A number of times I’ve run into some error or other while developing in ash, the exception is printed along with a stack trace but it’s all library and framework stack frames. The message will be something like “Input Invalid” and “widget_id: has already been taken” but it’s not clear without a bunch of IO.inspect
debugging what part of the application code is calling the library in a way that causes the error.
I know that Ash runs queries in a separate processes and that’s probably the stack trace that I’m seeing. The way that Elixir apps function, this is a common pattern. Is there a generally accepted approach to dealing with this other than manually instrumenting code with debugging output?
Reading this back, I suspect that a custom Ash tracer that writes a stack trace to ETS before handing over to another process might be a step in the right direction for this kind of debugging. However I don’t know how it would be stitched back together when an exception is raised.
So there are a couple things we can do to help with this. The first one is providing more bread crumbs in our error messages. Additionally, you can try extending the backtrace depth when your app starts
:erlang.system_flag(:backtrace_depth, 100)
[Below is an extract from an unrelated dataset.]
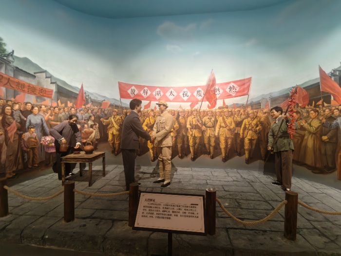 太湖縣作為鄂豫皖革命根據(jù)地的重要組成部分,有著深厚的紅色積淀。實踐期間,團隊成員循著歷史足跡,先后參觀了革命歷史紀念館、烈士紀念碑、英烈事跡長廊和烈士墓區(qū)。在紀念館內(nèi),大家仔細觀看 300 余件革命文物 —— 從太湖游擊隊使用過的土槍、泛黃的抗日傳單,到烈士趙文楷的家書、渡江支前民工用過的扁擔(dān),每件展品都承載著具體可感的歷史記憶。

in your application start.
def start(_type, _args) do
:erlang.system_flag(:backtrace_depth, 1000)
...
end
1 Like
Thanks for that suggestion - I found that the default is 8, and anything higher than 64 is capped at 64.
Interesting. I just picked a high number just to be sure. Are you finding that the stacktrace is too deep to find your app code? I think we can actually do something about this, like when you call an action we can store the stacktrace at that point, and then add it to the end of returned stack traces, to ensure that there is always a stack frame from your app.
I haven’t seen a stack frame from application code in these cases, no. I figured it was because of that handover to the process that actually performs the query, so the stack trace is limited to that process. In the world of microservices, distributed tracing is used to aggregate a picture of what is happening, so I guess something like that would be handy for OTP if it doesn’t exist already.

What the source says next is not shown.